Nashiri is seeking to challenge the power of the commissions to try him for offenses that pre-dated the September 11 attack, since the statute authorizing military commissions limits their authority to crimes committed during “any conflict subject to the laws of war.” Unless the United States was already at war with al Qaeda in October 2000, Nashiri argues, he can’t be tried in a military (as opposed to civilian) court for his alleged role in the Cole bombing.
In Nashiri’s case, the lower courts did not reach the merits of his challenge, holding that it was premature because Nashiri had not yet been convicted — and that such arguments are better presented on a post-conviction appeal. Nashiri argues, in response, that he is challenging the military commission’s power to try him in the first place, a right that cannot fully be vindicated after the fact; and that, in any event, given how slowly the commissions have operated, and how harshly he has been treated while in US custody, it would be both unfair and inconsistent with prior Supreme Court decisions to hold off on resolving his challenge until after he is convicted.
Nashiri was seized by local authorities in Dubai in late 2002 and transferred to the custody of the Central Intelligence Agency. His brief filed with the court is blacked out on many pages and marked “unclassified for public release.”

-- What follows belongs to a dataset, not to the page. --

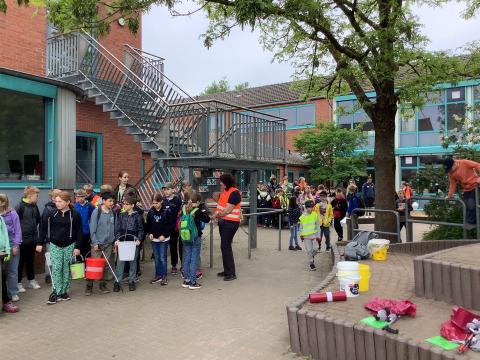 Zum dritten Mal fand am 3. Mai 2024 unser Umwelttag statt. Nachdem der eigentlich geplante Tag völlig verregnet war, war das Wetter eine Woche später zum Glück wesentlich besser, sodass alle Klassen nach einem gemeinsamen Beginn auf dem Schulhof ausschwärmen konnten, um Rehburg ein bisschen sauberer zu machen. Überall wurde fleißig der unbedacht weggeworfene Müll eingesammelt und in großen Säcken zu den vereinbarten Sammelpunkten gebracht. Ein Mitarbeiter des Bauhofs war dann zur Stelle, um alle Müllsäcke einzusammeln und in einen Container zu bringen, den der BAWN (Betrieb Abfallwirtschaft Nienburg) neben Handschuhen, Müllzangen und Müllbeuteln zur Verfügung gestellt hatte. Vielen Dank dafür!

“One of the central issues in Nashiri’s case is whether or not the torture he suffered weighs in favor of review at this time as opposed to after trial,” said his lawyer, Rick Kammen.
As such the briefs details his time spent in the CIA’s Rendition Detention and Interrogation Programs.
The Trump administration is likely to respond within 30 days. The justices are not expected to act on the petitions until this summer.